LOEWS CORPORATION DEFERRED INVESTMENT PLAN
(Effective as of January 1, 2020)
The purpose of the Loews Corporation Deferred Investment Plan (the Plan) is to provide select management employees and highly compensated employees, and non-employee directors, of Loews Corporation (the Corporation) and certain members of the Controlled Group (hereinafter, with the Corporation, collectively referred to as the Company), an opportunity, in accordance with the terms and conditions set forth herein, to defer, on a non-qualified basis, compensation that would otherwise be payable currently, and to receive certain additional deferred compensation funded by the Company. The Plan shall be effective as of January 1, 2020 (the Effective Date), and shall take the place of the Loews Corporation Executive Deferred Compensation Plan, which shall be frozen as of the Effective Date, and the Loews Corporation Deferred Compensation Plan, which has previously been frozen (collectively the Prior Plans).
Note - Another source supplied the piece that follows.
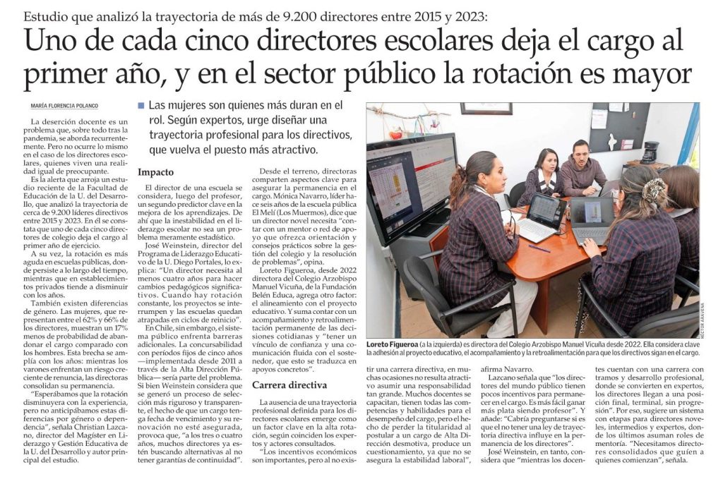 “¿Es atractivo liderar un colegio en Chile?”, es la pregunta que formulan hoy Soledad Ortúzar y Christian Lazcano, en su carta publicada en La Tercera, a raíz de su estudio que revela altos niveles de deserción en los directores, sobre todo en los primeros años y en el sector público. Al respecto, los autores plantean “implementar un acompañamiento sistemático que proporcione mecanismos de apoyo efectivos para enfrentar el desafío de liderar, especialmente en las etapas iniciales en el cargo”.

The Plan shall be administered by the Loews Corporation Benefits Committee, or such other person or group as may be designated by the Board of Directors (the Board) of the Corporation (the Committee). The Committee shall be the administrator of the Plan as defined in Section 3(16)(A) of ERISA and shall have the sole and complete authority to interpret the terms and provisions of the Plan, to adopt, alter or repeal such rules, regulations or practices governing the operation of the Plan and make all other determinations as it shall from time to time deem necessary, advisable or appropriate. The decisions, actions, determinations and records of the Committee shall be conclusive and binding upon the Company and all persons having or claiming to have any right or interest in or under the Plan. Where the Committee is given the discretion to determine any matter, the Committees discretion shall be sole and absolute, need not be exercised in a consistent or uniform manner, and, to the maximum extent permitted by law, shall not be subject to review by any court or tribunal. The senior human resources officer of the Corporation, or persons acting under his/her authority, shall have the authority to administer the Plan and to exercise the authority of the Committee in administrative, ministerial, and technical matters, except as the Committee may otherwise determine.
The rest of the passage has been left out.